Written by Kaili

With the development of large-scale language models, ChatGPT has led the emergence of various applications such as ChatPDF, BingGPT, NotionAI and so on. Much attention has been paid to the rapid progress of model generation, but little attention has been paid to the indispensable Embedding model that underpins the implementation of many large language models. This article will mainly introduce why Embedding models are very important in large language models, the current mainstream Embedding training methods, and some of our thoughts on the preliminary exploration of Embedding models.

First, Embedding technology introduction and historical summary

In machine learning and natural language processing, Embedding models refer to the process of mapping high-dimensional data (e.g., text, pictures, videos) to low-dimensional space. In simple terms, an embedding vector is an N-dimensional real-valued vector that represents the input data as points in a continuous numeric space. This article focuses on text embedding.

Why are Embedding models important in big language models?

Embedding is important because it can represent the semantics of a word or statement. Real-valued vector embedding can represent the semantics of words, mainly because these embedding vectors are learned based on the pattern of occurrence of words in the context of language. For example, if a word often appears with another word in some context, then the embedding vectors of the two words will have similar positions in the vector space. This means that they have similar meanings and semantics.

The concept of Embedding dates back to the mid-20th century, when Harris proposed a theory of distributed semantics. By the 80s of the 20th century, people began to try to use neural networks to learn embedding representations of words. Since 2010, with the development of deep learning technology, static vector Embedding represented by Word2Vec, GloVe, FastText and the use of ELMo, GPT, and BERT as representatives to generate context-sensitive dynamic vector embedding, the latter can better capture the semantic and contextual information of words.

Second, the value of Embedding in the big model

As mentioned earlier, and it is also well known to us, embedding vectors contain semantic information, and the more similar the meaning of words, the closer the position of embedding vectors in space. Real-valued vector embedding can perform vector operations and share and transfer in different natural language processing tasks by learning the semantic and contextual information of words from large amounts of data.

However, this was the value before Embedding. In the era of big language models, what is the new value of Embedding?

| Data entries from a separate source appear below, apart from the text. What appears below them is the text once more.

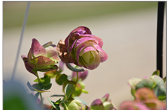
Kirigami Oregano flowers

Kirigami Oregano is an herbaceous perennial with an upright spreading habit of growth. Its relatively fine texture sets it apart from other garden plants with less refined foliage.
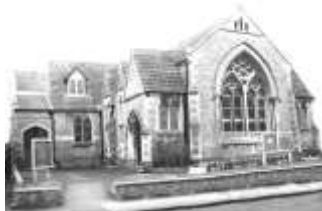
BURNHAM ON SEA
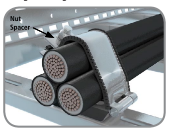
6. Using supplied mouthpiece fittings, tighten down to no more than 8Nm with 19mm nut spanner.

4. Tighten down to specified torque rating of 8Nm (2 bolt option pictured).
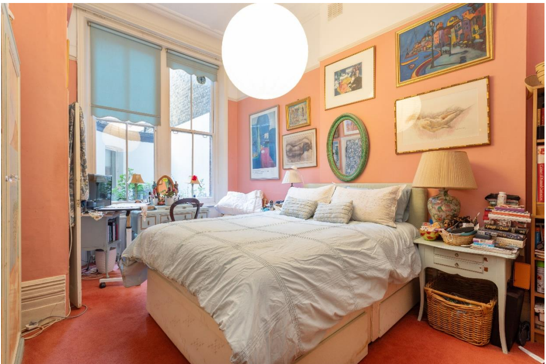
Raised Ground Floor | Private Garden Square | Share of Freehold
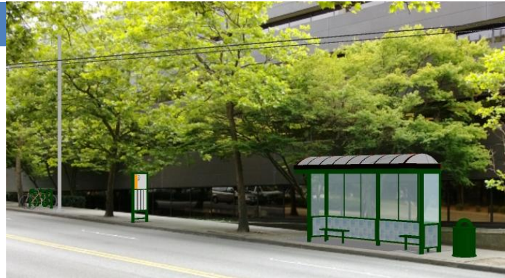
New trolley wires and passenger amenities at Second Avenue and Denny Way will improve transit along the corridor
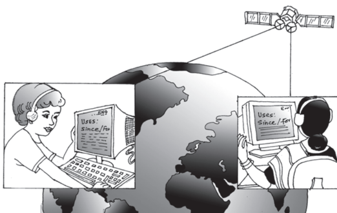
Fig. 3.1 Outsourcing: a new employment opportunity in big cities

global trade organisation to administer all multilateral trade agreements by providing equal opportunities to all countries in the international market for trading purposes. WTO is expected to establish a rule-based trading regime in which nations cannot place arbitrary restrictions on trade. In addition, its purpose is also to enlarge
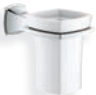
40 626 000 Holder + Tumbler
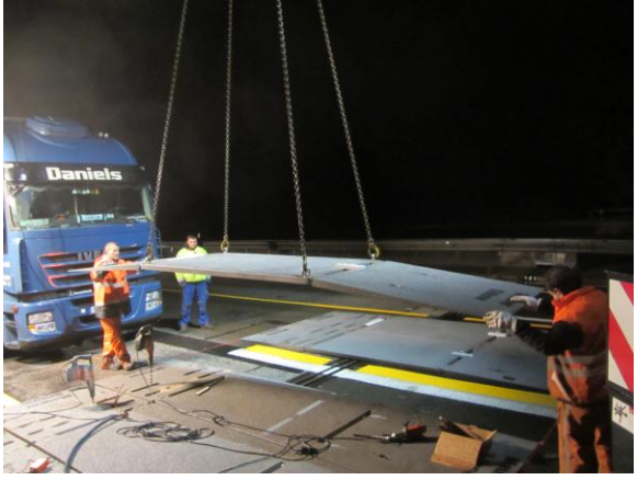
Fig 1: Set up while road is closed

of the so called box-in-box solution. Because this bridge is considered to be a focal point in local traffic, a conventional closing down of this bridge would have caused major traffic jams. By way of the MMBS system, the replacement works at the expansion joint was carried out between 19.30 hrs and 06.00 hrs. During daytime, the traffic could flow over the job site at a speed of 70 km/h.
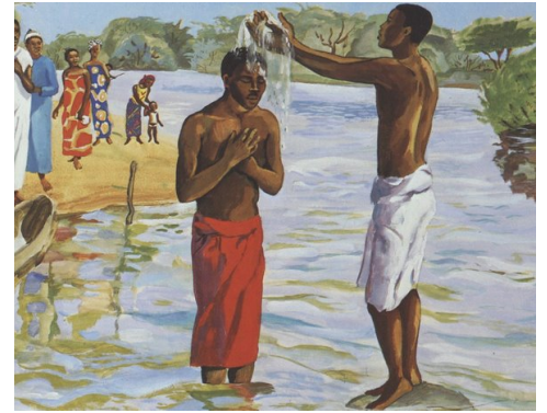
John Baptizes Jesus, JESUS MAFA,, 1973 (Scripture: Matthew 3:13-17)
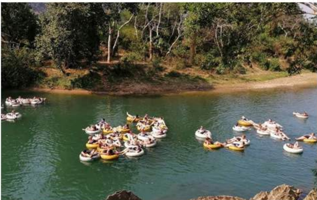
Go kayaking, cave exploration and tubing in Vang Vieng
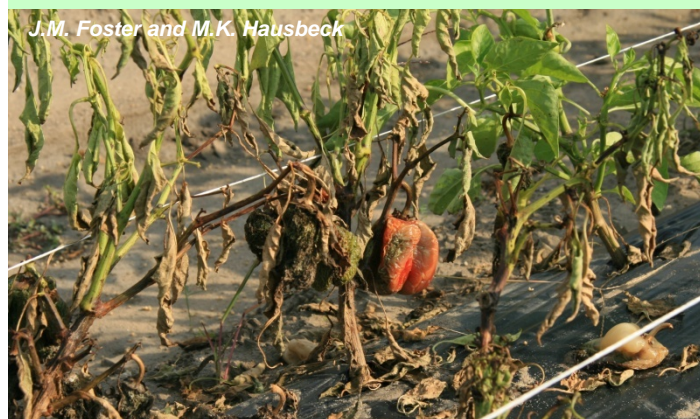
Foliar blight, fruit rot, and stem lesion symptoms.

Foliar applications of fungicides directed at the base of the pepper plant have offered only limited protection from crown rot. Apply foliar sprays using ample water volumes to achieve good coverage. Be sure to apply the fungicide before and after a period of rainfall expected to exceed ½ inch. Some products have been labeled for drip or drench applications.
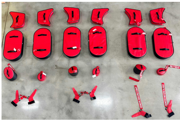
Sikorsky UH-60A Plug Set
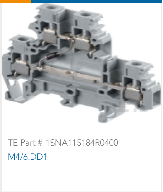
TE Part # 1SNA115184R0400 M4/6.DD1
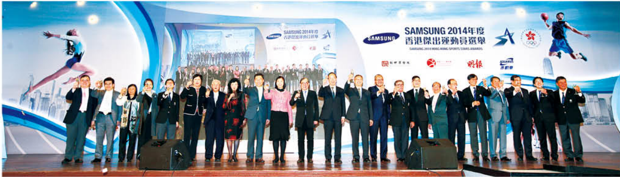
A toast of the Elected Officers of the Federation and the distinguished guests at the SF&OC Annual Dinner on 16 March 2015

Samsung Electronics H.K. Company, Limited was the Title Sponsor of the annual “Hong Kong Sports Oscar” for the second year and would continue its sponsorship until 2018. Other sponsors included Media Partner – Ming Pao Newspapers Limited, Principal Official Partner – New World Development Company Limited and Official Sponsor – Aquarius Electrolytes Replenishment Drink. A total of 120 nominations were submitted by 47 Member Associations for the Awards. There were 93 nominations for individual awards, 9 nominations for team only sport and 18 nominations for team events in the six awards categories. The six awards categories included Hong Kong Sports Stars Awards, Hong Kong Junior Sports Stars Awards, Hong Kong Sports Stars Award for Team Only Sport, Sports Stars Awards for Team Event, Hong Kong Potential Sports Stars Awards and Hong Kong Sportsmanship Sports Stars Award. A Vetting Committee was appointed to short-list the nominees and a Judging Panel for the selection of awardees. Other than the votes from the judges and local sports editors / reporters, the general public would also vote for four out of the six categories of the Awards.
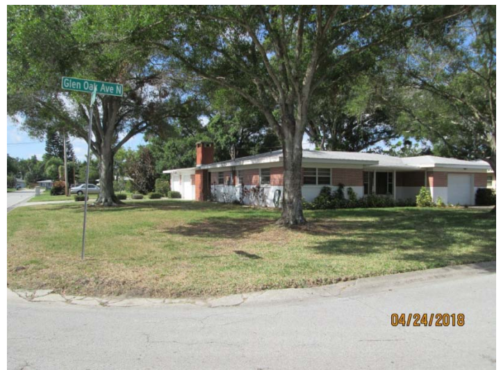
Across the street, to the south of the subject property
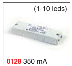
0128 350 mA

SOLO COLLEGAMENTO IN SERIE - ONLY SERIAL CONNECTION - ESCLUSIVEMENT MONTAGE EN SERIES - NUR SERIENVERBINDUNG - pag. 112
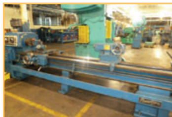
LODGE AND SHIPLEY ENGINE LATHE
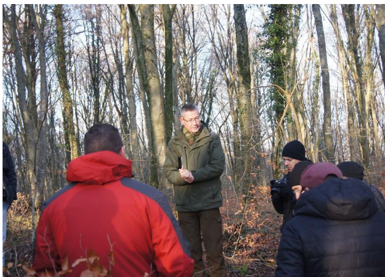
Forges forest on the West Bank of the Meuse-River
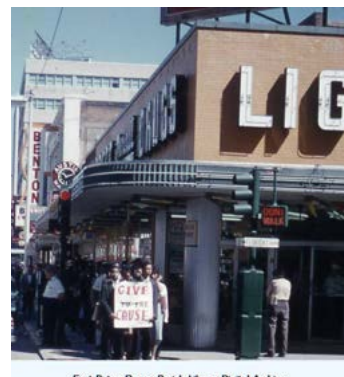
1960s. Protests to end racial discrimination at downtown lunch counters brought together over 2000 citizens. Shown here on the corner of Florida and Third St. passing Liggett's Drugstore.

In this section, we discuss the continued development of Baton Rouge and its influence of the Black community and its institutions. We examine the fight for social justice in Baton Rouge that in many ways mirrors the fight for social justice in other parts of the Deep South and the nation. Among the most notable examples of fights for equal treatment are the establishment of Brooks Park, the 1953 Baton Rouge bus boycott, the Kress sit-ins, and efforts to desegregate schools.
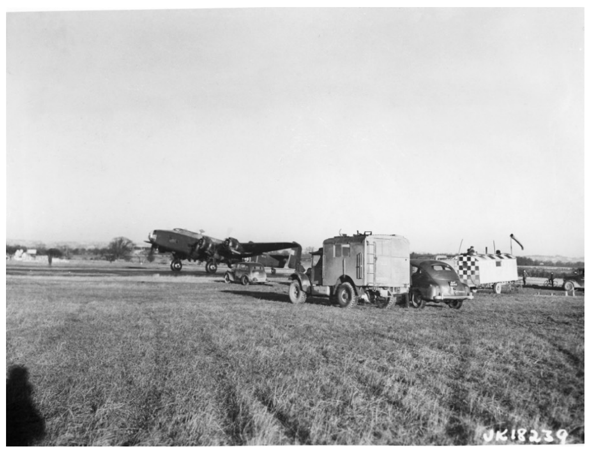
A photograph of a Halifax Bomber coded PT-T. According to his Flying Log, On February 3 1944, Dad flew circuits and landings for 3:00 daytime hours in a Halifax Bomber identified as PT-T, piloted by F/S (Raymond) Leonard, and cross country for 4:20 hours night time on February 7 1944.
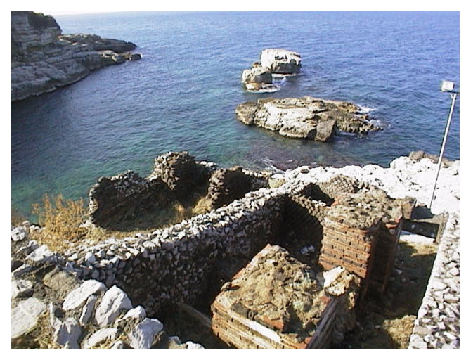
Fig. 3. The Villa di Pollio Felice: the ruins

The architecture seems to take a great advantage of the landscape beauties. The rooms show the greatest usability of the scenery, also thanks to some tricks: divergent walls, wide windows, up to the sophisticated solution of a promenade around the little harbour, with a panoramic viewpoint into the internal part of the apse overlooking the entrance. The most evocative element of the landscape is a natural basin, which the masters used wisely as a dock and swimming pool. It was scenically furnished as we can see from the two examples of the Grotta Azzura in Capri and the Grotta of Sperlonga. The two western small islands show several wall structures and, therefore, it is likely that were connected to the promontory with a bridge.
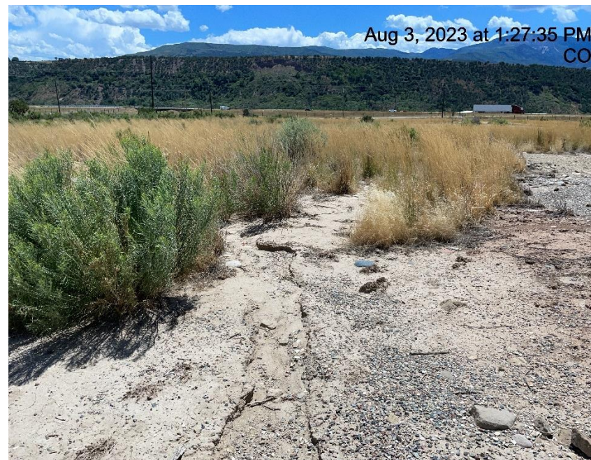
Photo # 4466 Erosion & transport of sediment off location & into a vegetated area (E/NE area of pad behind tank battery containment)

This starts with the flaws of the ChatGPT-like model. Despite their capabilities, there are still the following problems:

The training data is not real-time (for example, ChatGPT is based on data training before September 2021), and the retraining cost is too high and unrealistic
There is a limit to the length of input text, usually between a few thousand and tens of thousands of tokens
You can't access documents that can't be made public

In response, OpenAI published a document explaining how to solve the problem that GPT cannot process long text and up-to-date data based on embedding using a two-step search method. Two-step search, that is, first search the text library to find the relevant text part, and then add the retrieved text part to the input of the ChatGPT-like model to get the reply.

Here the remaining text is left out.